When the two cubs arrived at a makeshift shelter in the southern Brazilian city of Porto Alegre, their thin legs were bent from exhaustion. They had been treading water for hours when floodwaters turned the streets into rivers.
“At times like this your heart sinks,” said Daniel Guimarães Gerardi, a volunteer veterinarian at the shelter. Two days after being rescued, the six-month-old strays were mostly dozing, still exhausted from their ordeal.
More than a month after catastrophic floods began to hit southern Brazil, the region is still reeling. The floods submerged entire towns, closed an international airport and displaced almost 600,000 people throughout the State of Rio Grande do Sul. At least 169 people died and 56 are missing. Thousands of animals were separated from their owners.
Dramatic scenes of dogs climbing onto the roofs of flooded houses and firefighters rescuing stranded animals, including a horse named Caramel, made headlines around the world. (Caramel was finally reunited with his owner.)
Tens of thousands of people remain in shelters, unable to return to their homes. According to state authorities, more than 12,500 domestic animals have been rescued. Many are ownerless, said Fabiana de Araújo Ribeiro, director of Porto Alegre’s animal welfare office. Even when they do, “they have nowhere to go” because their homes have been ruined, she said.
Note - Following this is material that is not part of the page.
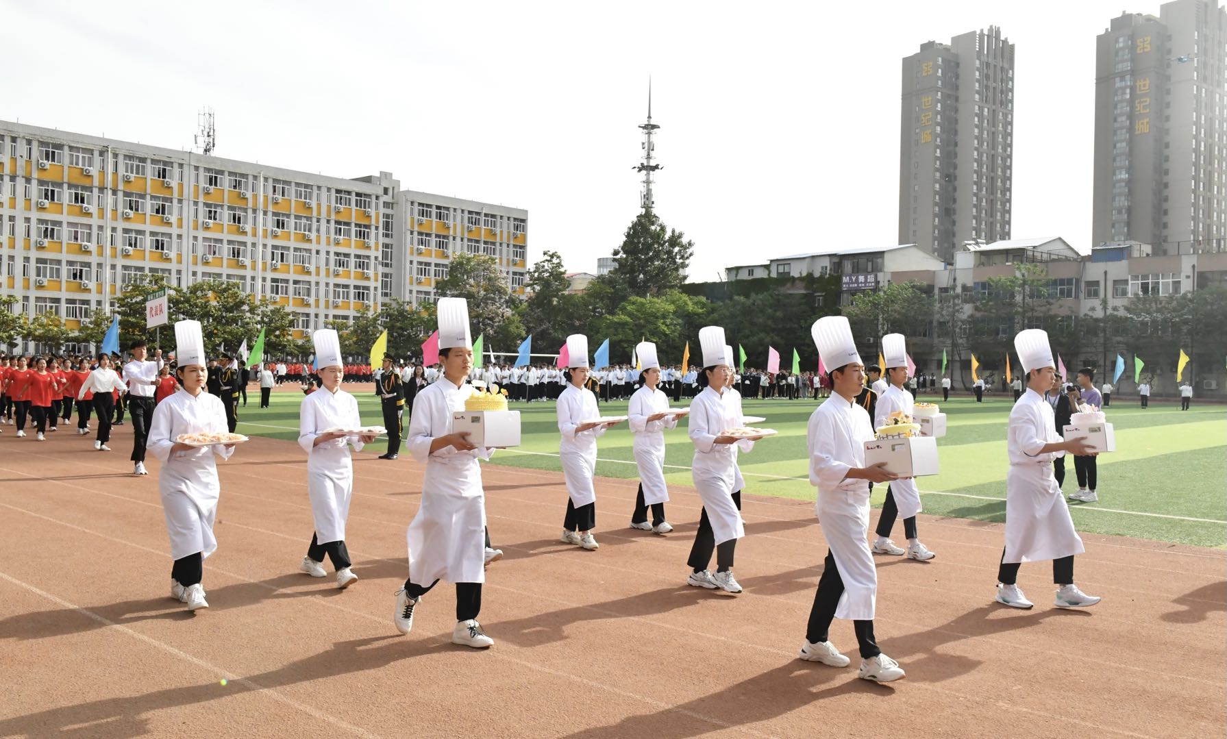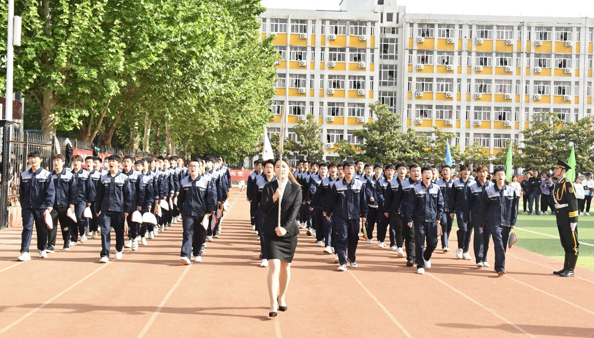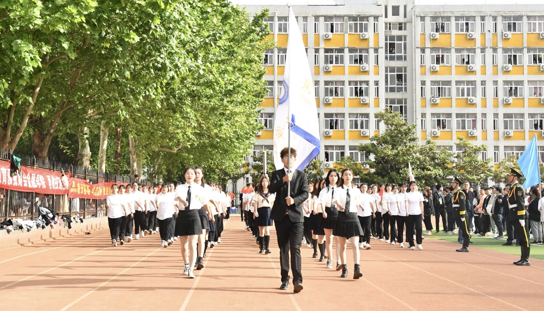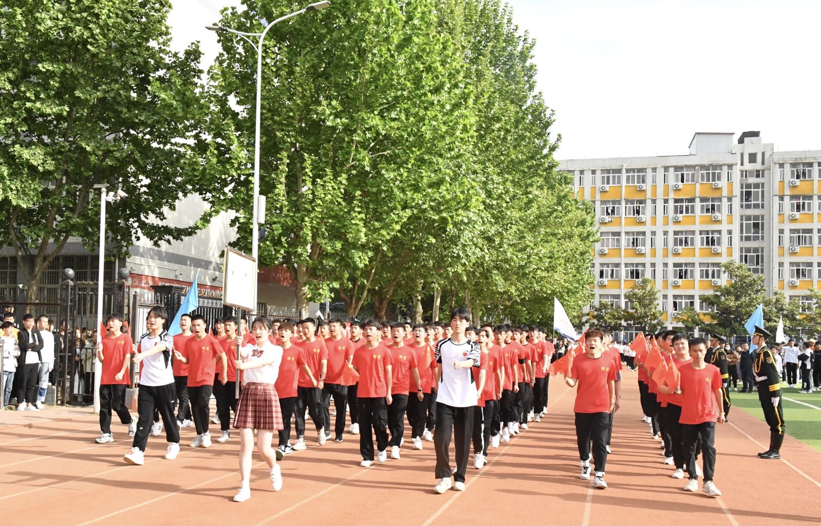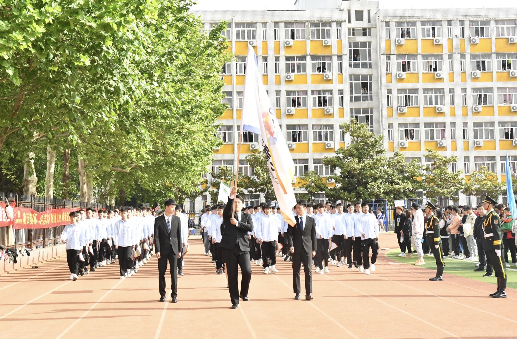伴着激昂奋进的《运动员进行曲》,各代表队先后入场,运动会拉开序幕。国旗班护卫队迈着铿锵有力的步伐,擎起鲜艳的五星红旗,引领教职工方队和9个二级学院方队,雄赳赳、气昂昂地走向主席台接受检阅。

And as water levels cover street names and house numbers, rescuers have had difficulty recording precisely where pets were rescued. It is more common in the United States than in many parts of Latin America for owners to implant tracking chips in their pets, making it easier to reunite them, animal welfare advocates said.
And stray animals are more common in Latin America, where they are often cared for by an entire block, said Joaquín de la Torre Ponce, Latin America director of the International Fund for Animal Welfare, a nonprofit organization. “These community dogs and cats don’t have a specific owner,” he said. “So no one will come looking for them.”
In an abandoned warehouse in Canoas, a city near Porto Alegre, some 800 rescued dogs were waiting in makeshift kennels. Many had been saved after days or weeks of being stranded on rooftops, trees and flooded houses. Some were injured or sick and most were malnourished. Some, like Gigante, an old farmer, had been left there by owners who could not take them to the shelters that now served as their home.
Sérgio Hoff was searching the winery looking for his missing pets. When he was evacuated from his home in Canoas with his wife and his 9-year-old daughter in early May, the family had to leave behind their five dogs and three cats. “We just couldn’t take them with us,” said Hoff, a 39-year-old banker. “It was chaos.”
The family released the animals, hoping they would climb to higher ground if the water rose. Hoff eventually found two of his dogs at another shelter, giving him hope that the others had also survived. But after weeks of searching, he still hadn’t found the others.
“We’re not going to give up,” Hoff said.